**What you are asked to do:** Reproduce without any pictures the lines from the one that contains "Durch ihre finanzielle" through the end of the records, exactly as written.

**Records to process:**
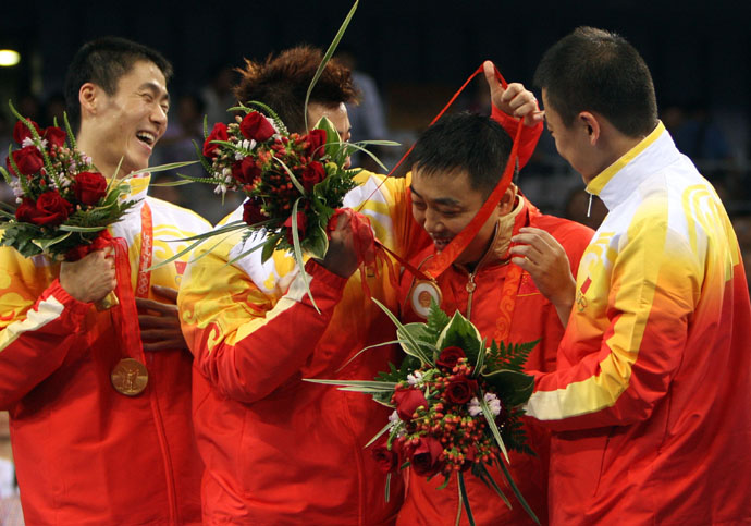 8月18日,中國隊員王勵勤(左一)、王皓(左二)、馬琳(右一)把金牌掛到主教練劉國梁的脖子上。當(dāng)日,中國隊在北京奧運會乒乓球男子團體決賽中以3比0戰(zhàn)勝德國隊,摘得金牌。
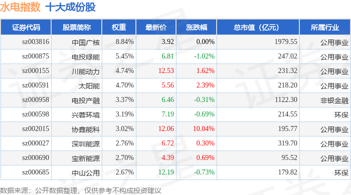 水电指数(399234)十大成份股详情如下:
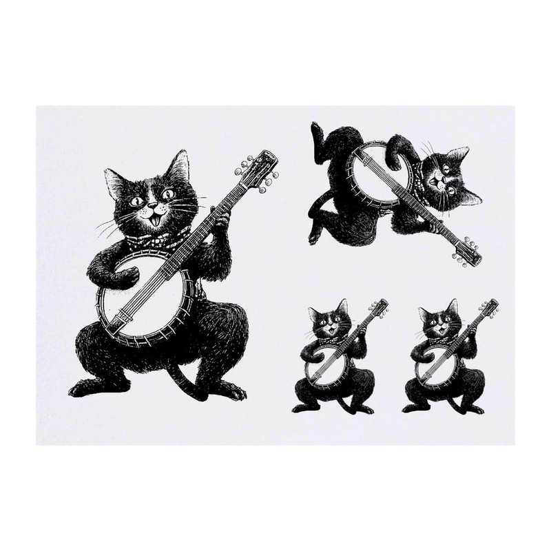 4 x 'Funny Cat Playing Banjo' Temporary Tattoos - Water Resistant, Skin-Safe, Non-Toxic Transfers, Mixed Sizes (TO00083732)
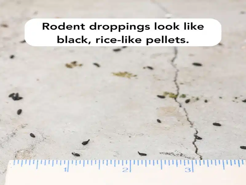 - – Mouse droppings: Small, dark pellets around food sources, in cupboards, or along baseboards.
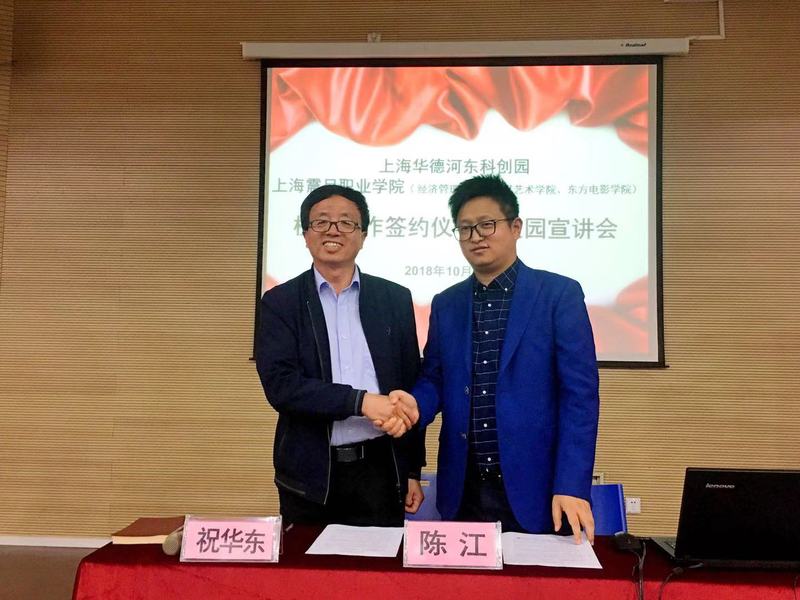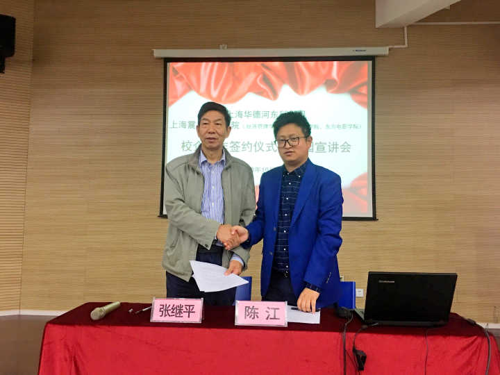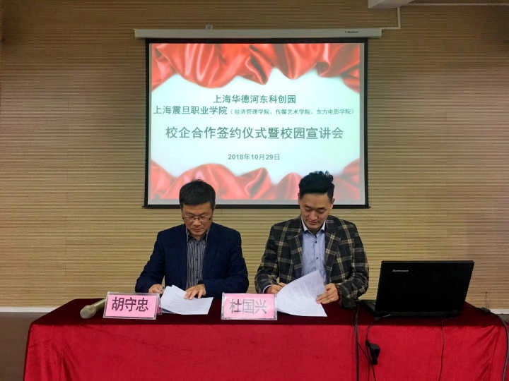 本次活動(dòng)由實(shí)踐教學(xué)辦公室主任葉素梅主持,經(jīng)濟(jì)管理學(xué)院胡守忠院長(zhǎng),傳媒藝術(shù)學(xué)院張繼平院長(zhǎng),東方電影學(xué)院祝華東副院長(zhǎng)及華德集團(tuán)陳江總裁,華德河?xùn)|科創(chuàng)園杜國(guó)興園長(zhǎng)等參加了活動(dòng)并現(xiàn)場(chǎng)簽訂合作協(xié)議。葉素梅主任代表學(xué)校授予華德科創(chuàng)園“上海震旦職業(yè)學(xué)院實(shí)訓(xùn)基地”銅牌。
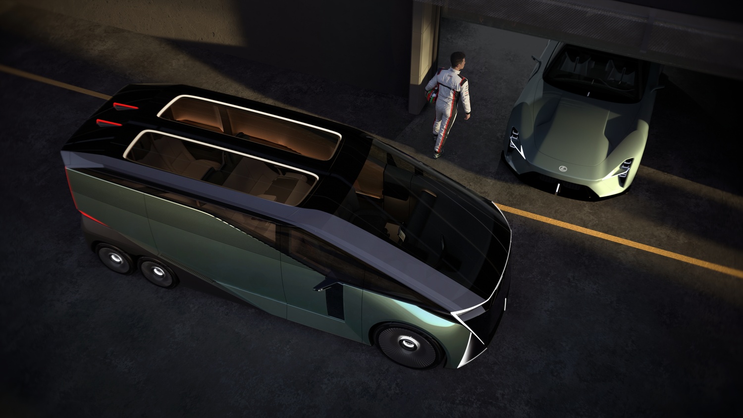 Formatul cu șase roți a fost adoptat pentru a maximiza spațiul interior, fără intruziuni ale roților, și pentru a acomoda uși largi care permit intrare și ieșire elegantă simultană pentru pasagerii din rândurile doi și trei. Lexus recunoaște că, global, oamenii nu aspiră la un singur tip de mașină. În loc de tradiția unui singur flagship, brandul ar trebui să aibă o serie de modele formând o săgeată. Cu LS Concept în frunte, aceasta este ilustrată de o serie de alte noi concepte inspirate de LS.
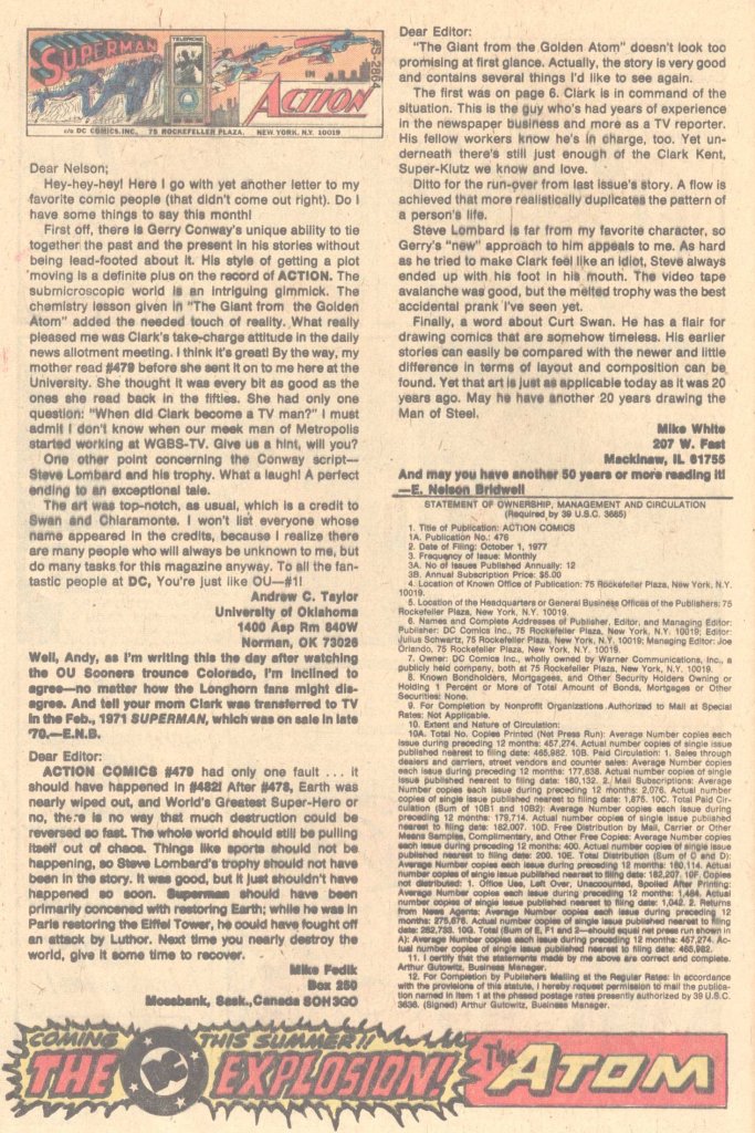 The letters page for this issue of ACTION COMICS also included that year’s Statement of Ownership. From it, we can learn that the series had been selling 180,132 copies out of a print run of 465,982, giving the title an efficiency of 38 1/2%, which is about par for the course in this era. That’s not a bad number of copies being sold, but with a print run that high, you’re still needing to sprint close to three copies in order to sell one, and then have the remainder shipped again and destroyed. A wasteful process all around.
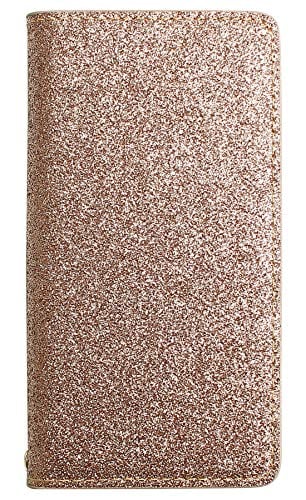 iPhone 15 ケース 本革 スマホケース 手帳型 スマホ カバー グリッター ラメ キラキラ 可愛い カード入れ マグネット不使用 (iPhone15, シャンパンゴールド)
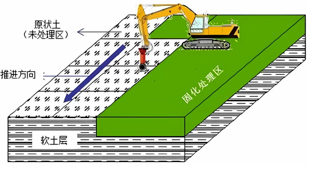 就地固化施工技术,利用软土固化剂作为胶凝材料,就地掺入地基软土或淤泥中进行搅拌,固化土壤并达到设计承载力的强度要求。
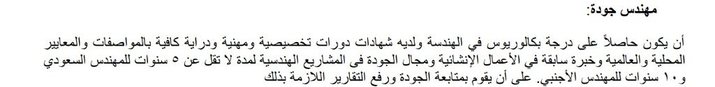نقل فوري فقط، مطلوب مهندسين جودة في المنطقة الشرقية في الاحساء حي البندرية للاشراف على مشروع أنابيب وصرف مياه وبنية تحتية خبرة عالية لا تقل عن 10 سنوات بالتخصص التالي مهندس جودة
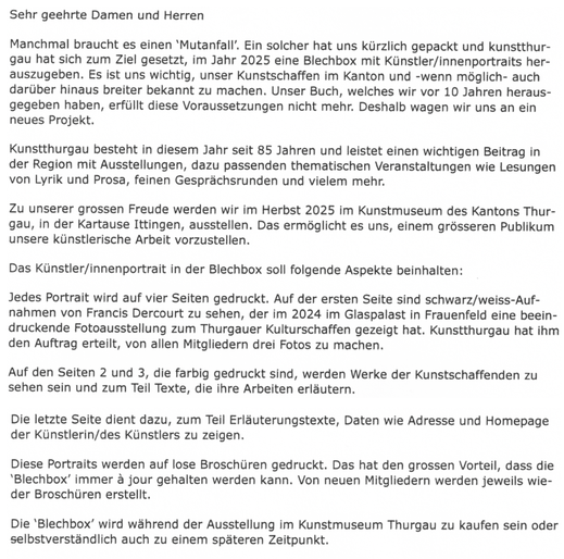 Durch ihre finanzielle Unterstützung von kunstthurgau ist es uns möglich, immer wieder vielfältige Ausstellungen und Projekte anzugehen.
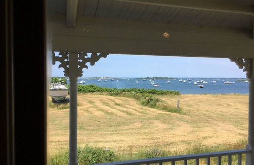 This updated 2 story farmhouse-style home features 4 upstairs bedrooms, all with Queen beds and memory foam mattresses. An additional downstairs living/bedroom features original built-in bookcases and a queen-size sleeper sofa. The house includes 2 full bathrooms, 2 living rooms, a full kitchen with dishwasher, cable tv, and clothing washer and dryer. A two-side wraparound porch offers stunning views of both New Harbor and the Atlantic Ocean. Just steps from State Beach and Scotch Beach, the house is only a mile and a half from the shops, restaurants, bars, and ferry port of Old Harbor. Rental fee includes all bedding, bath towels, and beach towels. During the months of July-September, this property rents from Saturday to Saturday (shorter stays will be considered but dates must fall between Saturdays.)
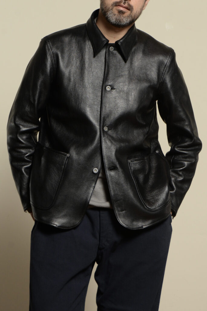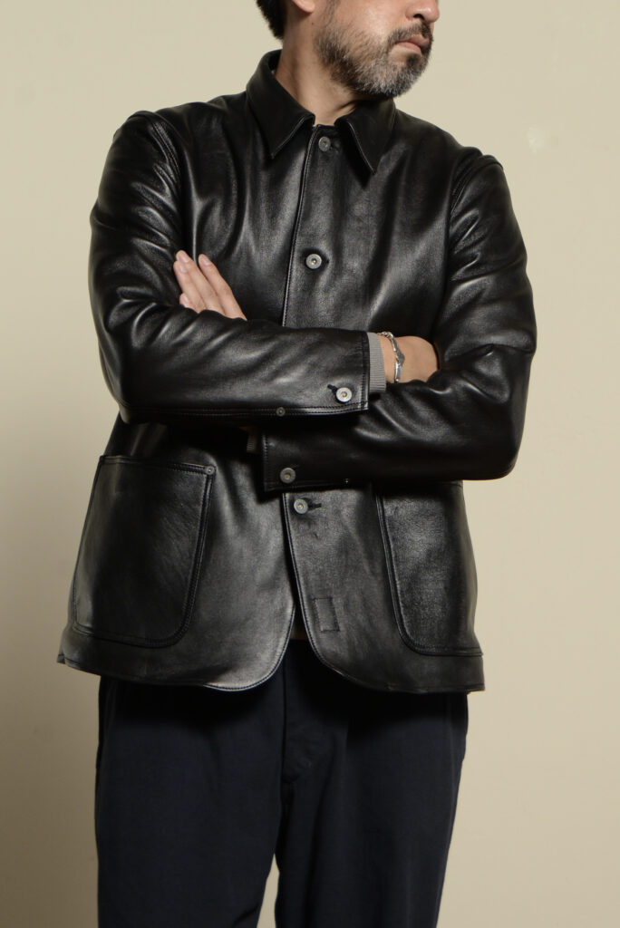 ACVMからはここ数年春夏シーズンの定番となっている、ACV-LJK03 LEATHER COVERALLを同じく芯通しのブラックシープスキンで作成、

**Exercise answer:**
 Durch ihre finanzielle Unterstützung von kunstthurgau ist es uns möglich, immer wieder vielfältige Ausstellungen und Projekte anzugehen.
 This updated 2 story farmhouse-style home features 4 upstairs bedrooms, all with Queen beds and memory foam mattresses. An additional downstairs living/bedroom features original built-in bookcases and a queen-size sleeper sofa. The house includes 2 full bathrooms, 2 living rooms, a full kitchen with dishwasher, cable tv, and clothing washer and dryer. A two-side wraparound porch offers stunning views of both New Harbor and the Atlantic Ocean. Just steps from State Beach and Scotch Beach, the house is only a mile and a half from the shops, restaurants, bars, and ferry port of Old Harbor. Rental fee includes all bedding, bath towels, and beach towels. During the months of July-September, this property rents from Saturday to Saturday (shorter stays will be considered but dates must fall between Saturdays.)
 ACVMからはここ数年春夏シーズンの定番となっている、ACV-LJK03 LEATHER COVERALLを同じく芯通しのブラックシープスキンで作成、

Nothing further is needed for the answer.